> **Work request**: Using the data below, output a verbatim copy of the lines between the one holding "Figure 3. Istituto" and the one holding "Fig. 50. Avocet", inclusive, without any pictures.

── Records provided ──

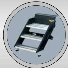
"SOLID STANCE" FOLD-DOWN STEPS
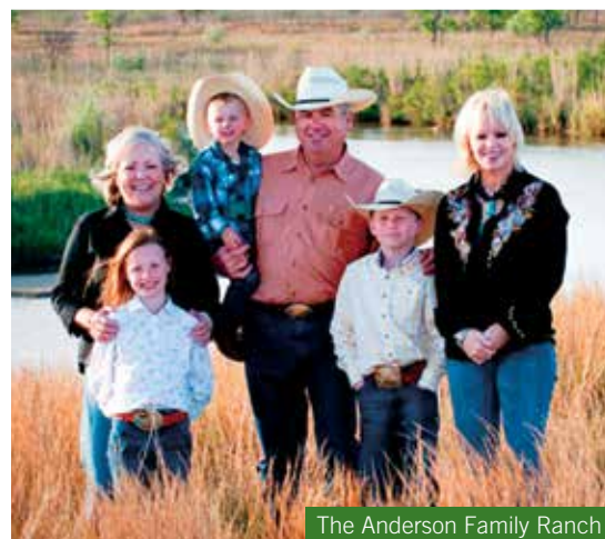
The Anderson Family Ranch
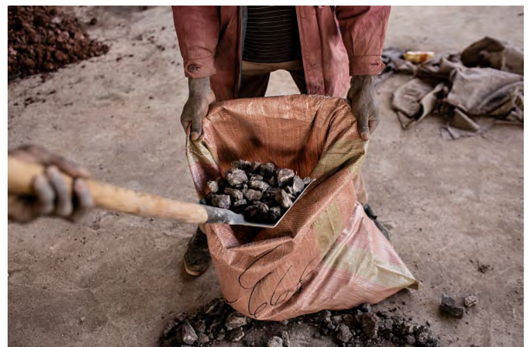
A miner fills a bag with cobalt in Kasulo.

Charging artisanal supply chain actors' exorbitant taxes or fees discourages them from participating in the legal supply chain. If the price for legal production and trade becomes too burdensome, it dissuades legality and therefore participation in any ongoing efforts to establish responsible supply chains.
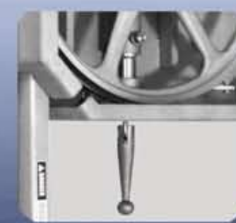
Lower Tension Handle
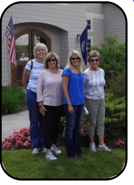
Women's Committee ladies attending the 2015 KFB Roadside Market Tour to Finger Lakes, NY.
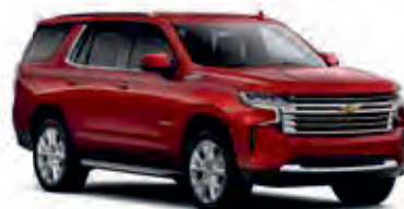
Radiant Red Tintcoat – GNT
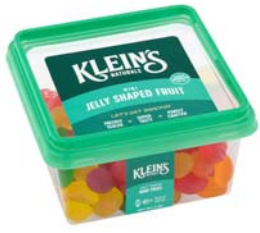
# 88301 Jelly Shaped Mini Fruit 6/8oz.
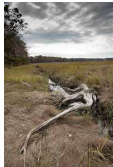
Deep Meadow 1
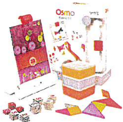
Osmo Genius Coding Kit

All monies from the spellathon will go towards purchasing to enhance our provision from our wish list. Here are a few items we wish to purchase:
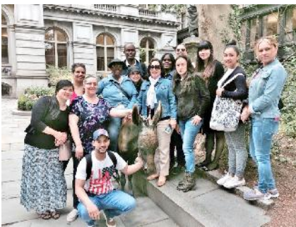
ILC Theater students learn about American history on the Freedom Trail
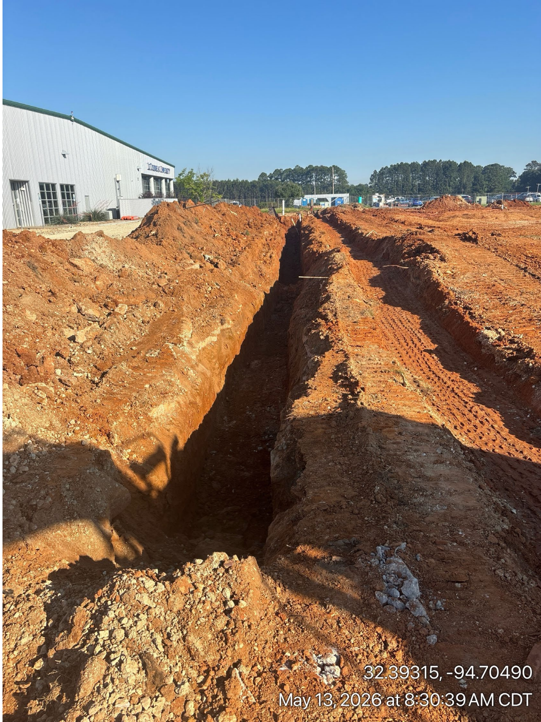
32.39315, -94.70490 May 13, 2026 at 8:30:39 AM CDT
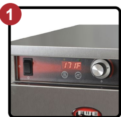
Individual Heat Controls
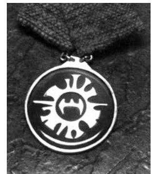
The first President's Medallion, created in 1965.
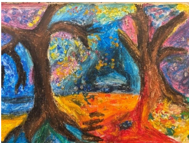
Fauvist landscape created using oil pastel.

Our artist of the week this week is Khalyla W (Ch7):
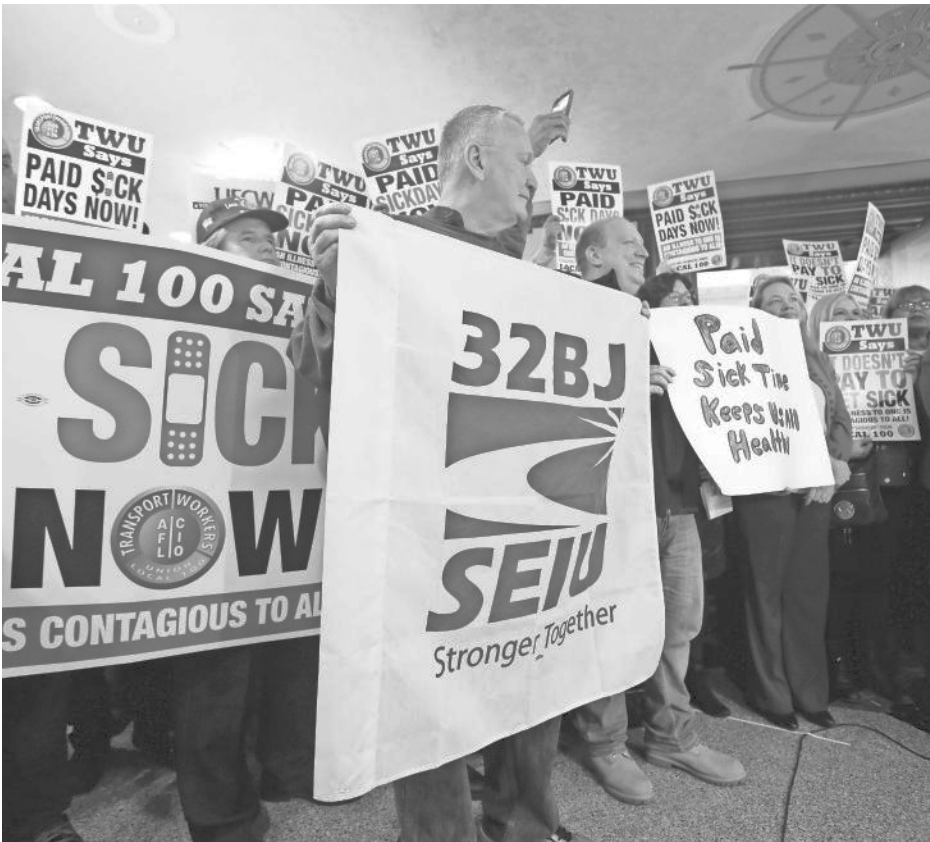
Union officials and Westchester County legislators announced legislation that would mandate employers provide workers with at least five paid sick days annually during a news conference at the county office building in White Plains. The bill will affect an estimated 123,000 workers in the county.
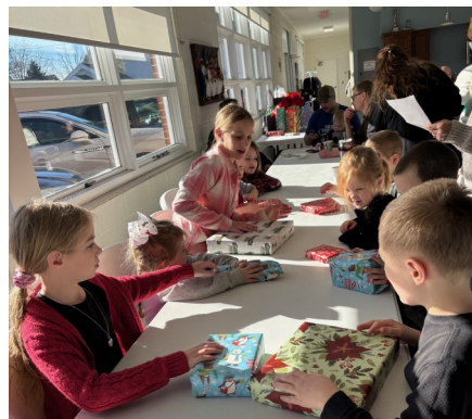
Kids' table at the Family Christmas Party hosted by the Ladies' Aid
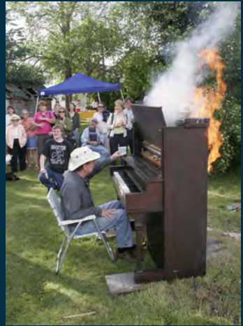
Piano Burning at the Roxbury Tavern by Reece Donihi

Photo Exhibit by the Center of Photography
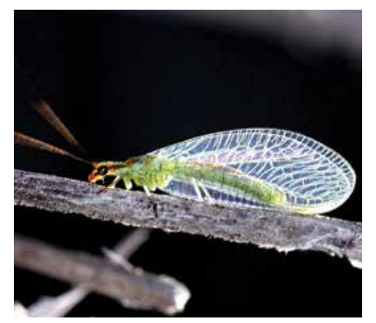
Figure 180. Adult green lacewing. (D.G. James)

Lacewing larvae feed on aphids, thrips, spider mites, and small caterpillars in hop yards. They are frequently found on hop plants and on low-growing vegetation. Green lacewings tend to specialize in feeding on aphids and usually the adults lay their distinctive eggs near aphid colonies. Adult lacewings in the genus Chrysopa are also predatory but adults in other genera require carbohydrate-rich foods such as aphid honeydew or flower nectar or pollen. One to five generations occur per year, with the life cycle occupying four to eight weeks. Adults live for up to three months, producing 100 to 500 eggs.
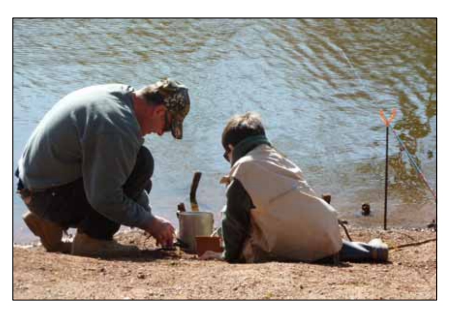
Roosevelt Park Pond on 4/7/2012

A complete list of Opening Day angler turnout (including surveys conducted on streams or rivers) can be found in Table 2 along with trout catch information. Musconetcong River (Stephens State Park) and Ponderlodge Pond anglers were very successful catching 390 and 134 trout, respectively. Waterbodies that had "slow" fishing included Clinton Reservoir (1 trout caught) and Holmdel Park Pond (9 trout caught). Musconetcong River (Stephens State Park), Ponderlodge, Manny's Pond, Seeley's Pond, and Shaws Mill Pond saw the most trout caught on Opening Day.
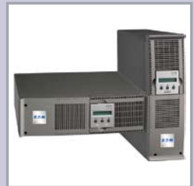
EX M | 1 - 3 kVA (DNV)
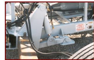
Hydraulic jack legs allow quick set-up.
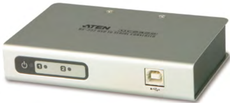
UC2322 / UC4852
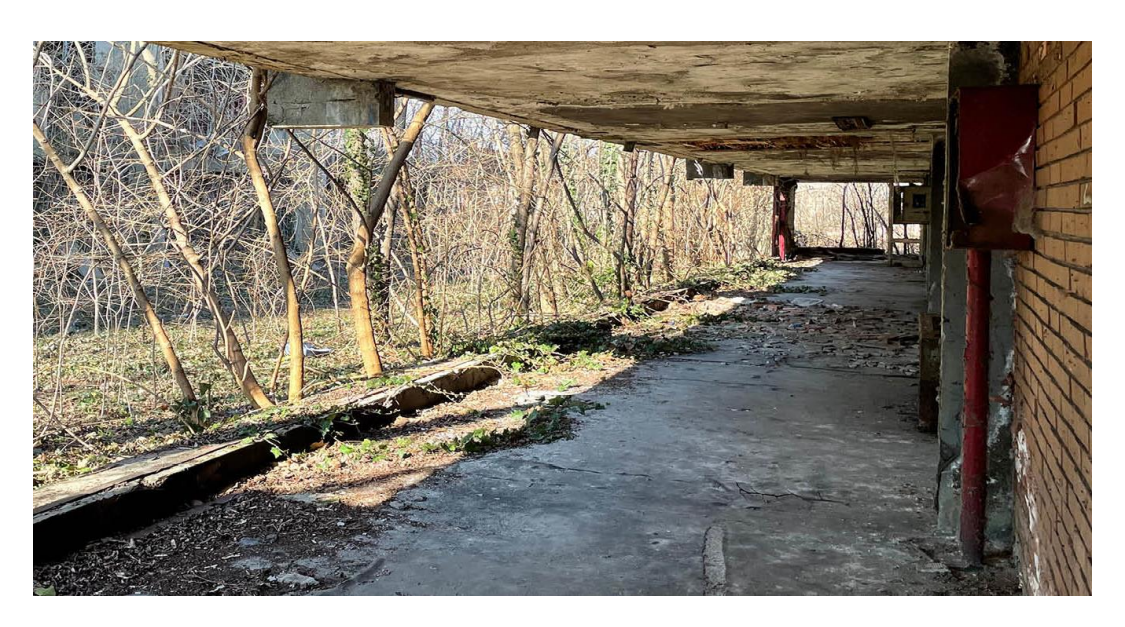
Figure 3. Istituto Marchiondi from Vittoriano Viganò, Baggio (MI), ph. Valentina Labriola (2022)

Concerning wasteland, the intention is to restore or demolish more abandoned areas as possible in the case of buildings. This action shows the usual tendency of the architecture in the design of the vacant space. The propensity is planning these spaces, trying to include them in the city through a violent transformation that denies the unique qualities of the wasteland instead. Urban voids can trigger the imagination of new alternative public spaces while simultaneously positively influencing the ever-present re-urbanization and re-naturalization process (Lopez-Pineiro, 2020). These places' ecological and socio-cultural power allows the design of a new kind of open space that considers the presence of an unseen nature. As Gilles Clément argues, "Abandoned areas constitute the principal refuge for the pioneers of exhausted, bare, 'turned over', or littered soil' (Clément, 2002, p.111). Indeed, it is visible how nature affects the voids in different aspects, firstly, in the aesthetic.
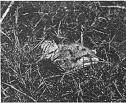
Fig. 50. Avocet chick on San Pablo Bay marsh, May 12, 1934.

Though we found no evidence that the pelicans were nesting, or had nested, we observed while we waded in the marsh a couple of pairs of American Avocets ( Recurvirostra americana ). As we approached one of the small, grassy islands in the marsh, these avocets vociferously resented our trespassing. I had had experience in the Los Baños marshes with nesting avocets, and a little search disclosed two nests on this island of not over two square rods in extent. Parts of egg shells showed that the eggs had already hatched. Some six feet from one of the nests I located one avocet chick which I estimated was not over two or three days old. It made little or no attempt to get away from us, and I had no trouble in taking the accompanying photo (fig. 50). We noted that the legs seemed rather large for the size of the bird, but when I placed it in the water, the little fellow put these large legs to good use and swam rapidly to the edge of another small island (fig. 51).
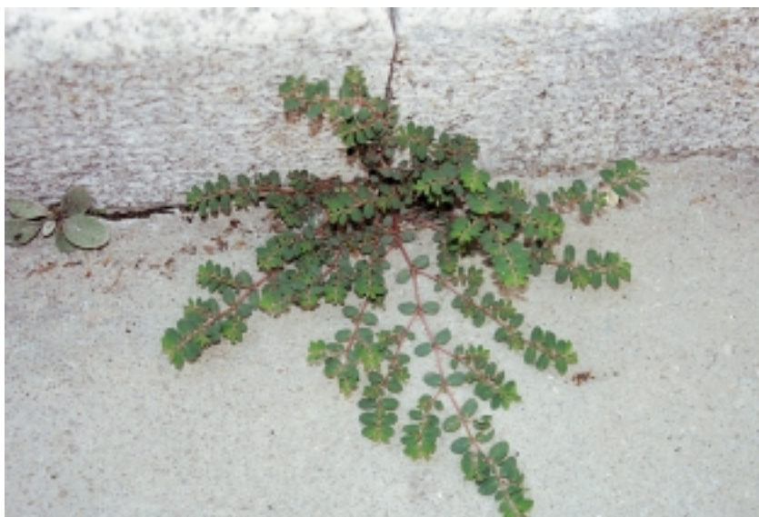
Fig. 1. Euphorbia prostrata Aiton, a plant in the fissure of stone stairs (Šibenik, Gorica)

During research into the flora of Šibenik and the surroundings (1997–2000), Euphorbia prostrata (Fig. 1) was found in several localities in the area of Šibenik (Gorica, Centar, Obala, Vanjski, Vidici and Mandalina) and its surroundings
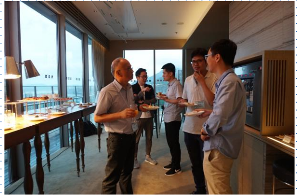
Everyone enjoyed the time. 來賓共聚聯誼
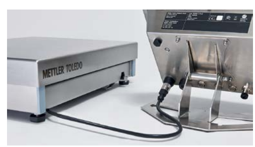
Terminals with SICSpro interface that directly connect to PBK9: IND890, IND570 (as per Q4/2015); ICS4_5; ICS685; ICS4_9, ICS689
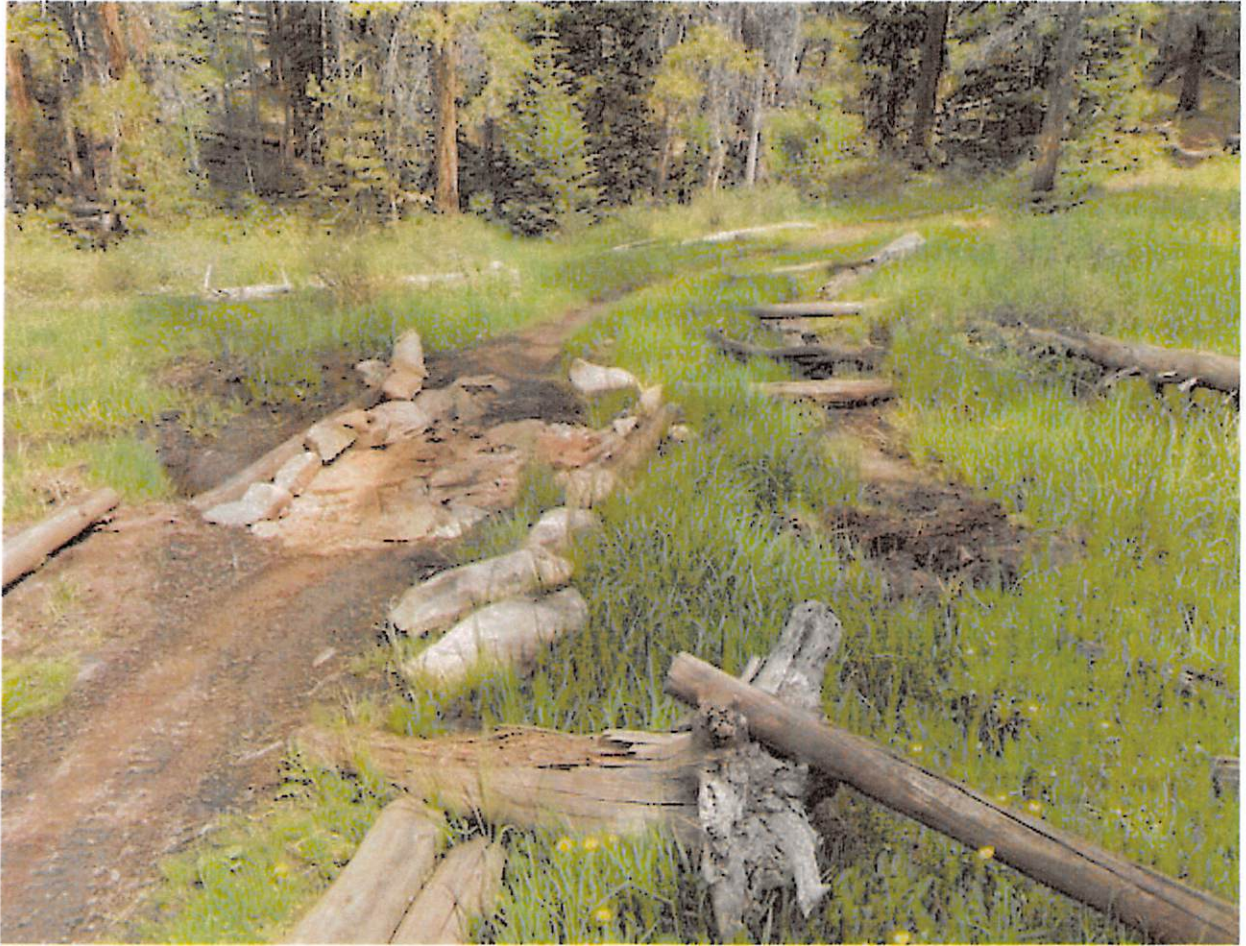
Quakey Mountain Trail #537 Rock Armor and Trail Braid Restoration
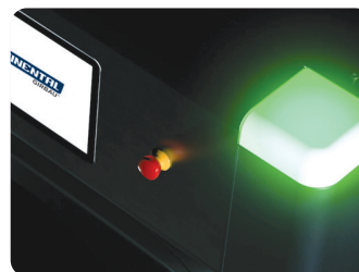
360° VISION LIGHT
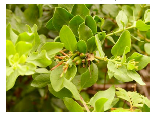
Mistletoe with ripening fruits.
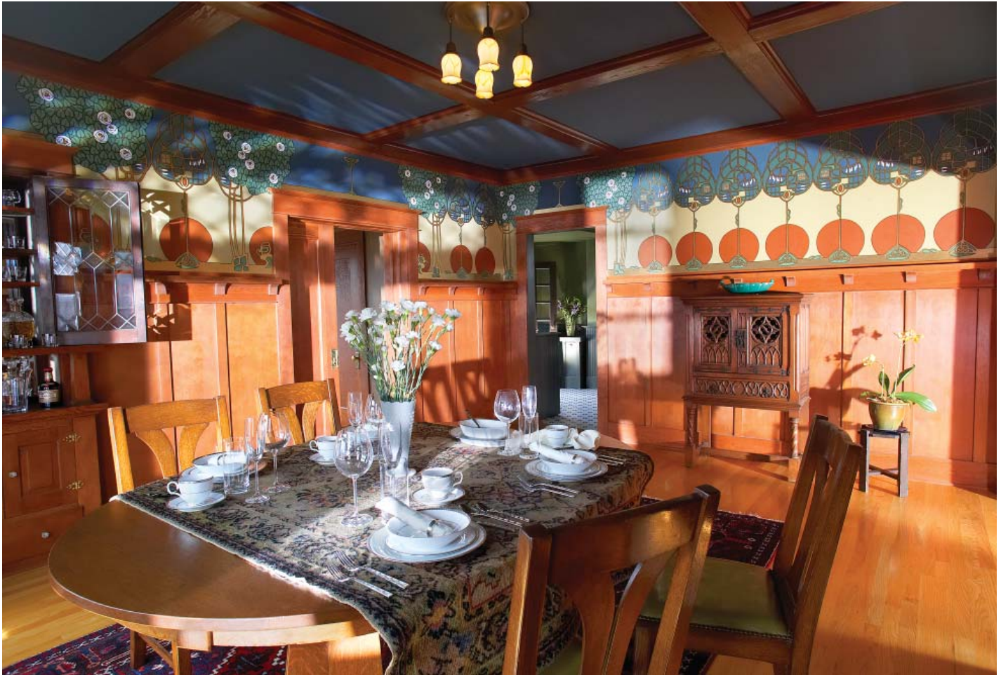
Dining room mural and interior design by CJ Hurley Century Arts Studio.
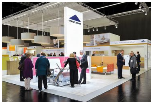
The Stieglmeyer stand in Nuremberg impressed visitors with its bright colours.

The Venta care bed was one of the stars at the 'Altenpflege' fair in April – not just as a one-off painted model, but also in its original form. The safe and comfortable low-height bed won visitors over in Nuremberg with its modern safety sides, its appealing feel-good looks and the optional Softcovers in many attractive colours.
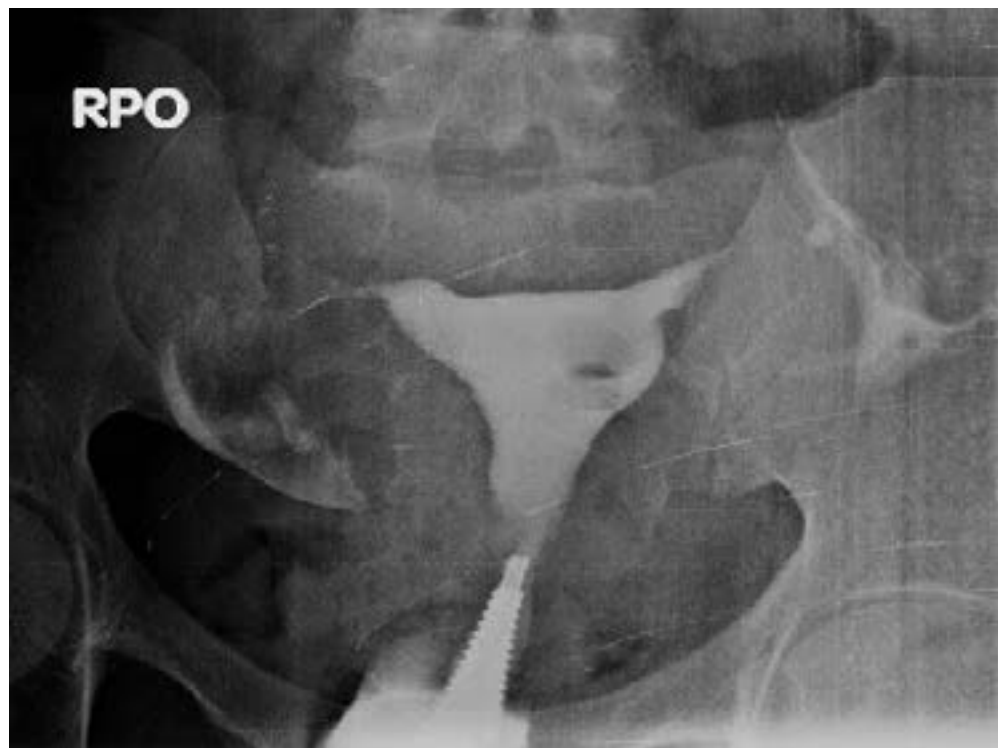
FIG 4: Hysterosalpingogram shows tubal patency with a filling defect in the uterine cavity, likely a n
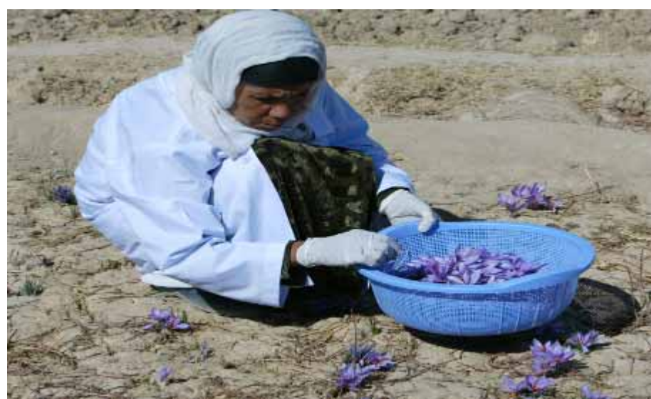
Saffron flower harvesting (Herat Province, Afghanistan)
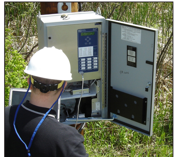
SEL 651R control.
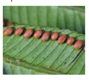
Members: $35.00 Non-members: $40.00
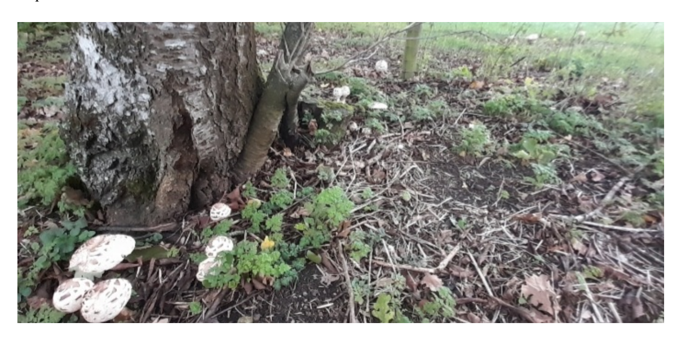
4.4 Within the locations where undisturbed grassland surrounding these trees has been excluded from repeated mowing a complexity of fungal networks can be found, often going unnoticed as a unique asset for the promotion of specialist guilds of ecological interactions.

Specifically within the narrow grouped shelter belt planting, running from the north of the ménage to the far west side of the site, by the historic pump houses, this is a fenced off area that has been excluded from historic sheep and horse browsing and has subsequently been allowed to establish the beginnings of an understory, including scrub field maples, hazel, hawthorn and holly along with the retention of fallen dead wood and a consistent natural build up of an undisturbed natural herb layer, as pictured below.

───

> **Reply to the exercise**:
Figure 3. Istituto Marchiondi from Vittoriano Viganò, Baggio (MI), ph. Valentina Labriola (2022)

Concerning wasteland, the intention is to restore or demolish more abandoned areas as possible in the case of buildings. This action shows the usual tendency of the architecture in the design of the vacant space. The propensity is planning these spaces, trying to include them in the city through a violent transformation that denies the unique qualities of the wasteland instead. Urban voids can trigger the imagination of new alternative public spaces while simultaneously positively influencing the ever-present re-urbanization and re-naturalization process (Lopez-Pineiro, 2020). These places' ecological and socio-cultural power allows the design of a new kind of open space that considers the presence of an unseen nature. As Gilles Clément argues, "Abandoned areas constitute the principal refuge for the pioneers of exhausted, bare, 'turned over', or littered soil' (Clément, 2002, p.111). Indeed, it is visible how nature affects the voids in different aspects, firstly, in the aesthetic.
Fig. 50. Avocet chick on San Pablo Bay marsh, May 12, 1934.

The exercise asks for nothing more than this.